**EXERCISE DESCRIPTION**. Restate the lines word for word, from the first line of the records through the line containing "4月2日,山東蓮山水泥通知稱". Leave out the pictures and anything after that line.

**DATA IN THIS EXERCISE**.
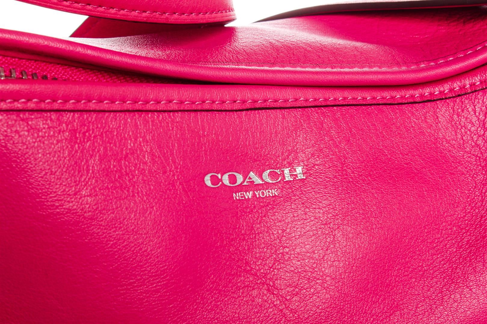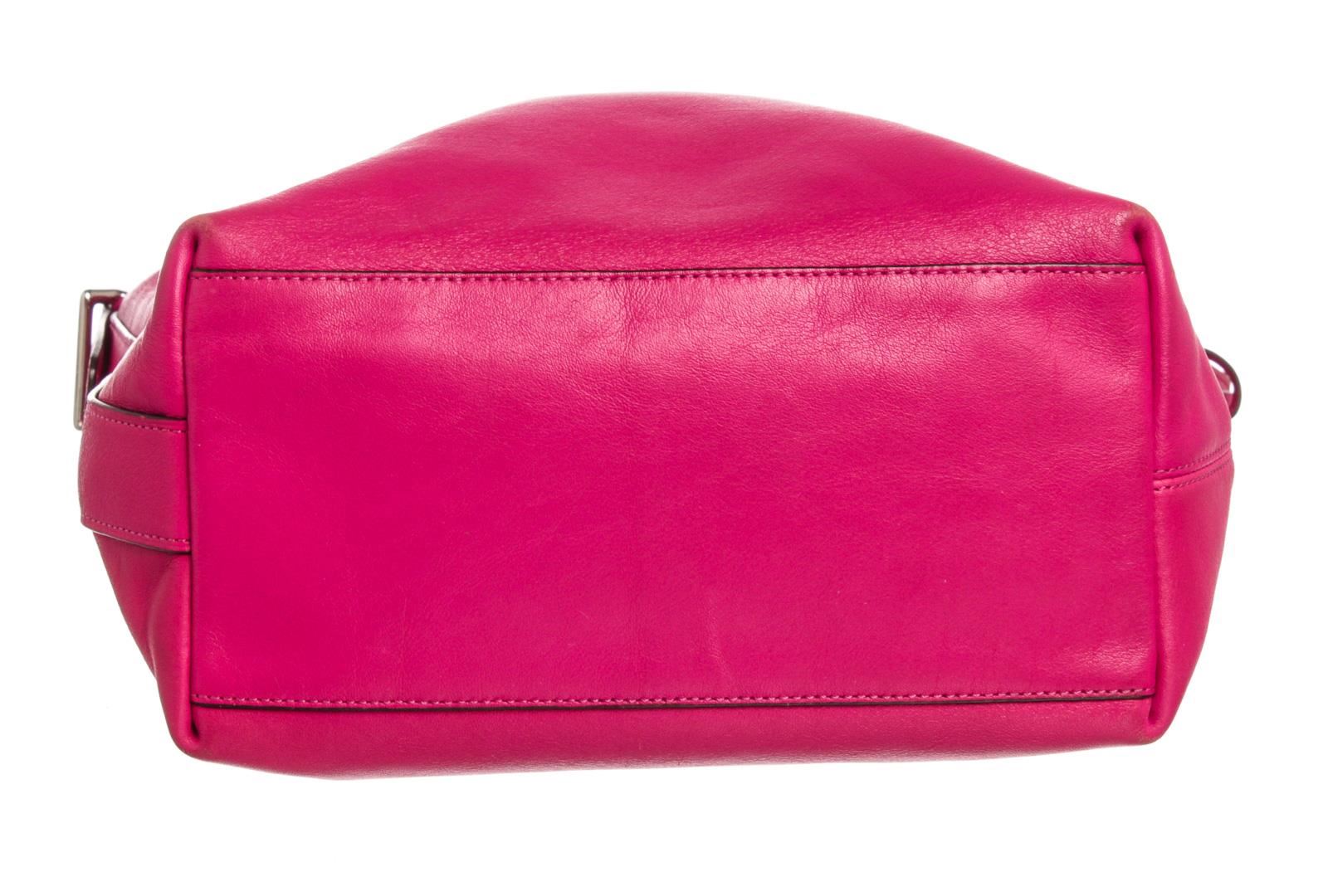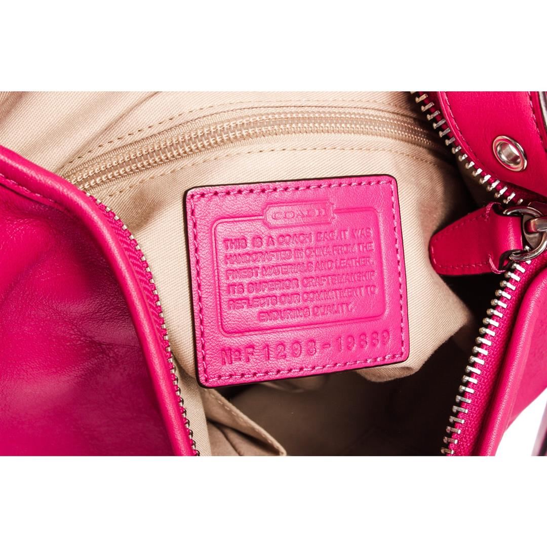 Crafted out of fuchsia pink leather, silver-tone hardware, and zip top closure. Inner tonal fabric lining.
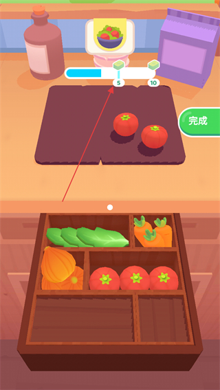 2、选择好食材后,将其放置在案板上,留意上方进度条,点击完成确认所选食材数量。
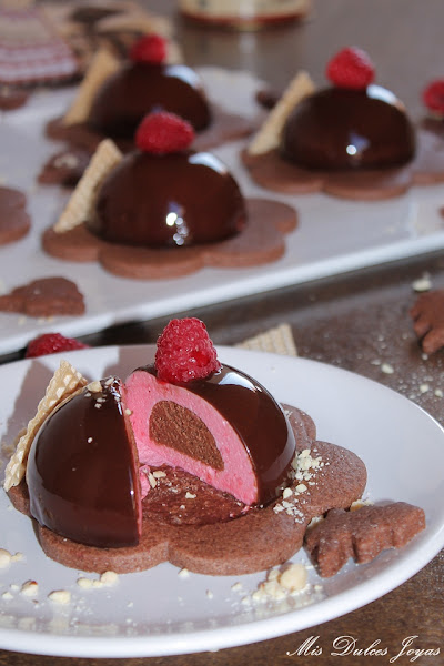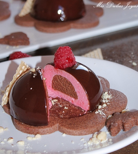 Semiesferas de mousse de frambuesa con corazón de chocolate, sablée de chocolate y glaseado de chocolate brillante
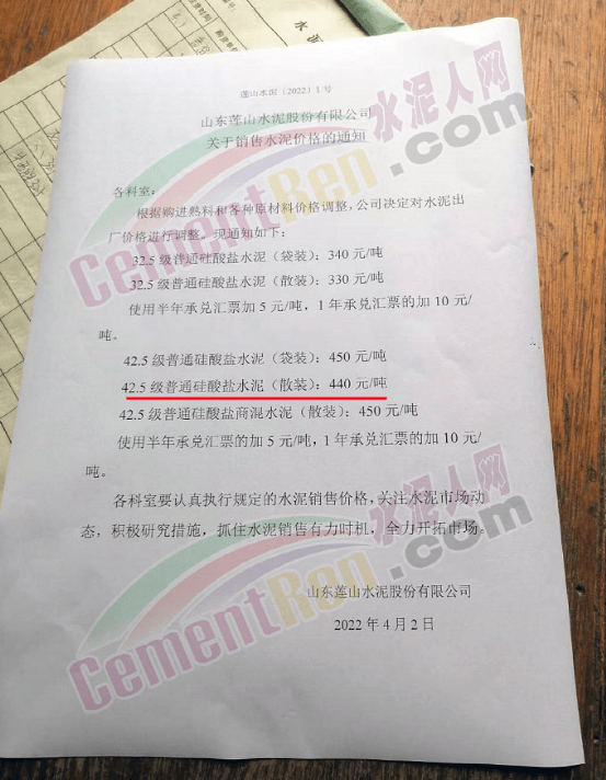 4月2日,山東蓮山水泥通知稱,根據(jù)購進熟料和各種原材料價格調(diào)整,公司決定對水泥出廠價格進行調(diào)整,調(diào)整后42.5級散裝水泥報價440元/噸,商混用散裝42.5普通硅酸鹽水泥報價450元/噸,半年承兌匯票加5元/噸,1年承兌匯票加10元/噸。
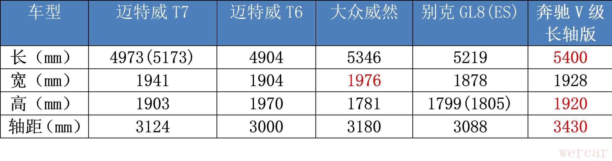 你说拿它跟奔驰V级碰拳头,可大众的光环明显拼不过奔驰品牌,加上V级的尺寸更大,动力牌面也够,这迈凯威T7想要抢一杯羹着实难度不小。
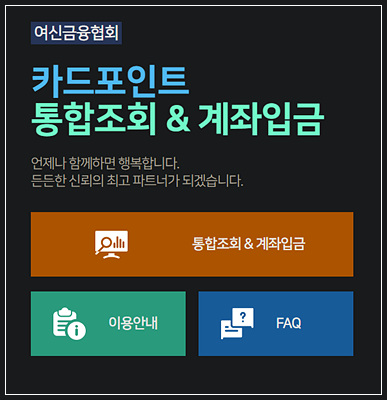 우선 PC로 포인트를 통합조회하는 방법이 있습니다. ‘카드포인트 통합조회’ 사이트를 여신금융협회에서 운영하고 있는데요. 구글에서 검색하시거나 ‘카드포인트 통합조회 바로가기’를 통해 이동하실 수 있습니다.
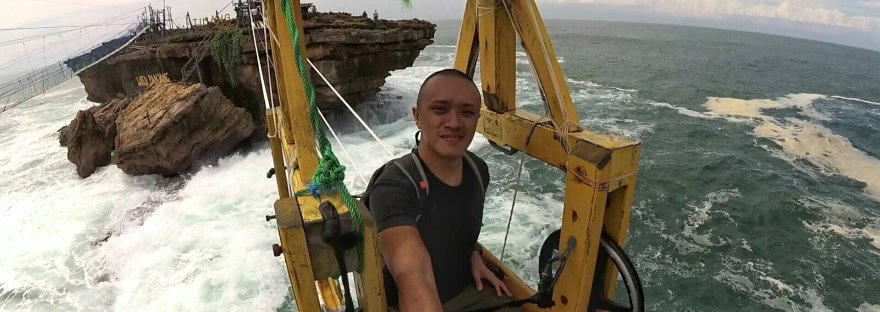 Menaiki gondola kecil yang berderit-derit menyeberangi laut di Pantai Timang. Seperti apa sensasinya?
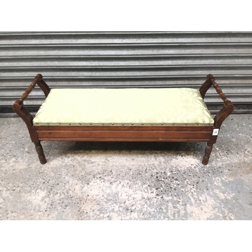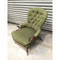 Victorian walnut spoon-back open armchair with button-tufted green upholstery and 19th century Cope and Collinson brass castors
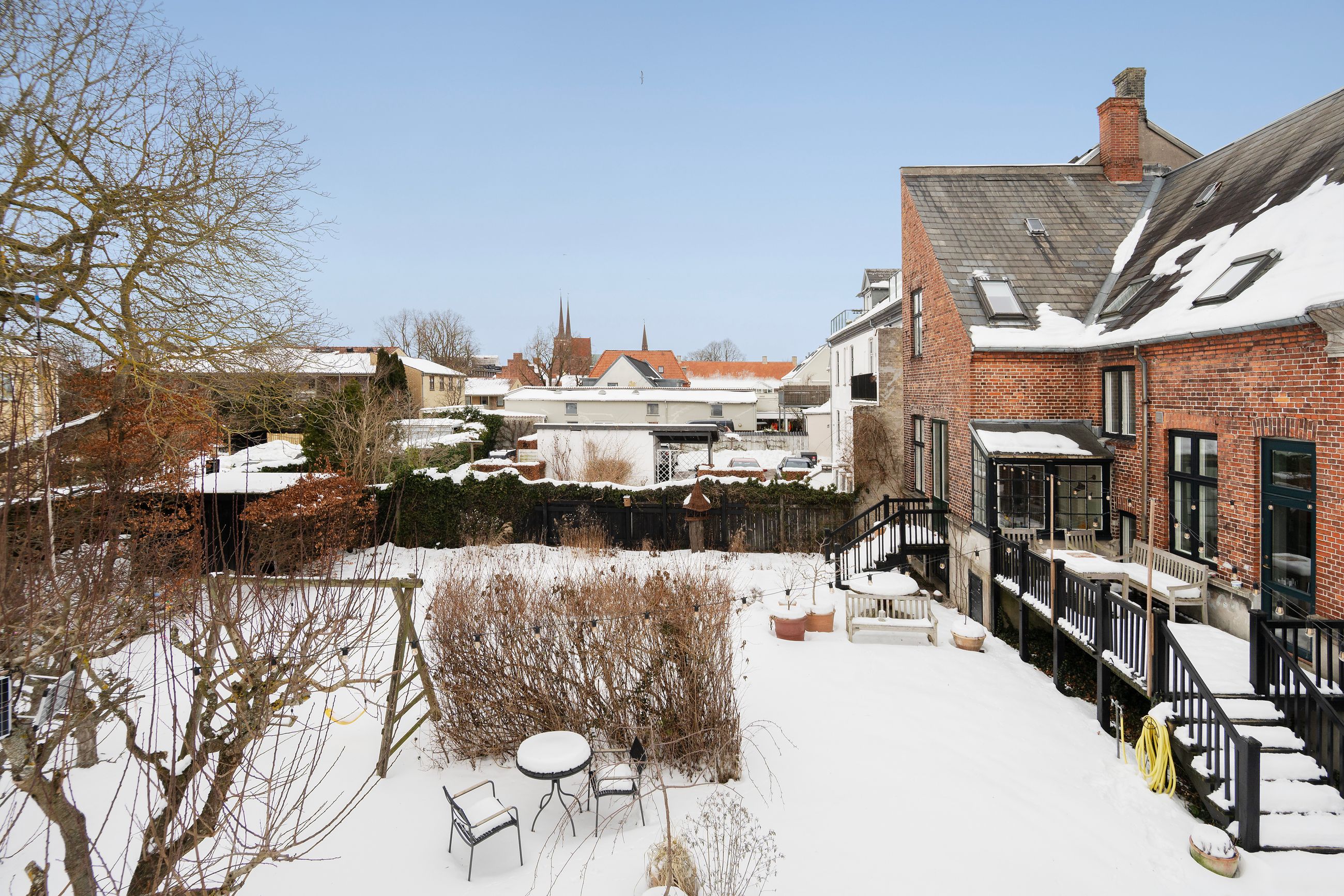 Matriklen i Allehelgensgade er på 705 m2 med en have så stille og rolig, at man kan høre, når fuglene trækker vejret. Her er bevaringsværdige træer, der kaster skygger om sommeren. Gågaden med caféerne, restauranterne og de lækre butikker er et par minutter væk. Og med Boserup Skov lige uden for byen og fjorden lige om hjørnet fylder naturen en del i Roskilde. Huset er ideelt til børnefamilien, som vægter æstetik lige så højt som praktik. For det er nemt at bo her, hverdagens logitik er på plads med toget til København på 20 minutter, institutioner og skoler er få gåminutter uden for døren. Roskilde er et godt eksempel på en by, som siden middelalderen altid har forstået at forny sig, altid at bringe sin egen fortid med ind i nutiden.

**SOLUTION TO THIS EXERCISE**.
 Crafted out of fuchsia pink leather, silver-tone hardware, and zip top closure. Inner tonal fabric lining.
 2、选择好食材后,将其放置在案板上,留意上方进度条,点击完成确认所选食材数量。
 Semiesferas de mousse de frambuesa con corazón de chocolate, sablée de chocolate y glaseado de chocolate brillante
 4月2日,山東蓮山水泥通知稱,根據(jù)購進熟料和各種原材料價格調(diào)整,公司決定對水泥出廠價格進行調(diào)整,調(diào)整后42.5級散裝水泥報價440元/噸,商混用散裝42.5普通硅酸鹽水泥報價450元/噸,半年承兌匯票加5元/噸,1年承兌匯票加10元/噸。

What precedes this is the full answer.